I have a doubt with the following question.

Q: Using determinants, find the area of the triangle whose vertices are (1,2),(-2,3) and (-3,4).

Doubt: The question is very straightforward and needs the application of direct formula, but what I fail to understand is that I am again and again getting the same answer as "22" when keeping the COLUMN of 1's as the last column or as the first column. The formula says to keep it as the third one/last one but I am getting the same answer even when I kept it as the first column.

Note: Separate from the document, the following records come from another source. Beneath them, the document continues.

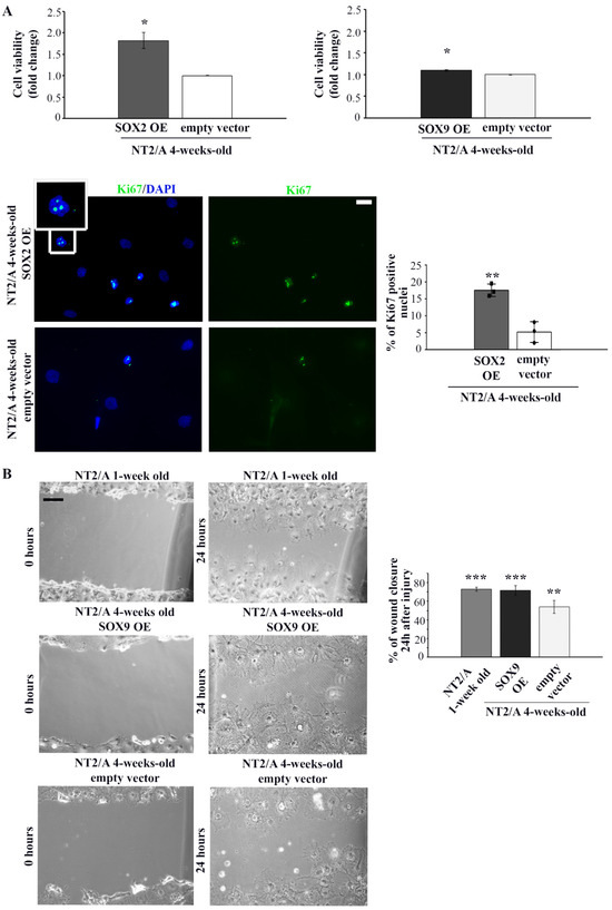 The analysis of proliferation and migration capabilities of 4-week-old NT2/A transduced with SOX2 and SOX9 expression vectors. (A) Relative cell viability of 4-week-old NT2/A after transduction with SOX2 or SOX9 expression vectors (indicated as SOX2 OE and SOX9 OE, where OE stands for overexpression) was measured by MTS assay and compared with the viability of cells transduced with the corresponding empty vector (control). Data presented are means ± SEM (n = 3); p-values were calculated using Student’s t-test: * p ≤ 0.05. Representative images of Ki67 immunostaining (green) of 4-week-old NT2/A transduced with SOX2 expression vector or empty vector (control) counterstained with nuclear marker DAPI (blue). The boxed region is magnified to show the nuclear localization of Ki67. Micrographs were taken using a 60× objective. Scale bar—20 µm. The percentage of Ki67+ cells presented in the chart was calculated relative to the total number of DAPI-labeled nuclei in three independent experiments. Data represent means ± SEM, and p-values were calculated using Student’s t-test: ** p ≤ 0.01. (B) Representative phase contrast images of wound closure experiments. The migratory capability of 1-week-old NT2/A and 4-week-old NT2/A transduced with SOX9 expression vector or empty vector (control) was measured 24 h after scratch injury. Scale bar—100 µm. The statistical analysis of the percentage of wound closure was obtained from three independent experiments. Data represent means ± SEM, and p-values were calculated using Student’s t-test: ** p ≤ 0.01, *** p ≤ 0.001.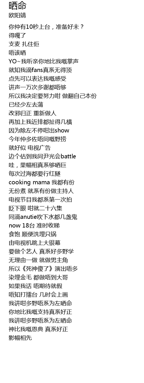 | [01:39] | wǒ jiǎng hán duō yě wú xì wèi zuǒ shài mìng |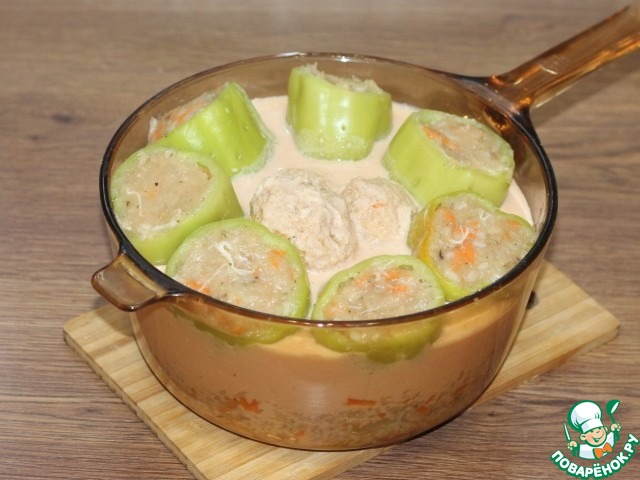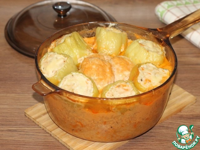 Рецепт «Перец, фаршированный мясом, под сырным соусом»:

Isn't it against the property of determinants of interchanging columns makes the sign to differ?. Kindly help.

Answer 1

Is your question really, why is $$\det\pmatrix{1&a&b\\1&c&d\\1&e&f} =\det\pmatrix{a&b&1\\c&d&1\\e&f&1}? $$ Swapping columns negates the determinant, so $$\det\pmatrix{1&a&b\\1&c&d\\1&e&f} =-\det\pmatrix{a&1&b\\c&1&d\\e&1&f} =\det\pmatrix{a&b&1\\c&d&1\\e&f&1}.$$

Answer 2

Suppose you have a square matrix $A$ with columns $c_1, c_2, \cdots, c_n$. Let me write the determinant as a function $d$, that gets the $n$ columns. With that notation, you are right that

$$d(c_1, \cdots, c_i, \cdots, c_j, \cdots, c_n) = -d(c_1, \cdots, c_j, \cdots, c_i, \cdots, c_n)$$

where you can see I only swapped columns $c_i$ and $c_j$. What you must note is that probably you swapped columns 2 times. You were calculating

$$d(o, c_1, c_2)$$

where $o$ is the column of ones, and you are probably comparing it to

$$d(c_1, c_2, o)$$

which has the same sign, given that you have to switch columns $2$ times:

$$d(o, c_1, c_2) = -d(c_2, c_1, o) = d(c_1, c_2, o)$$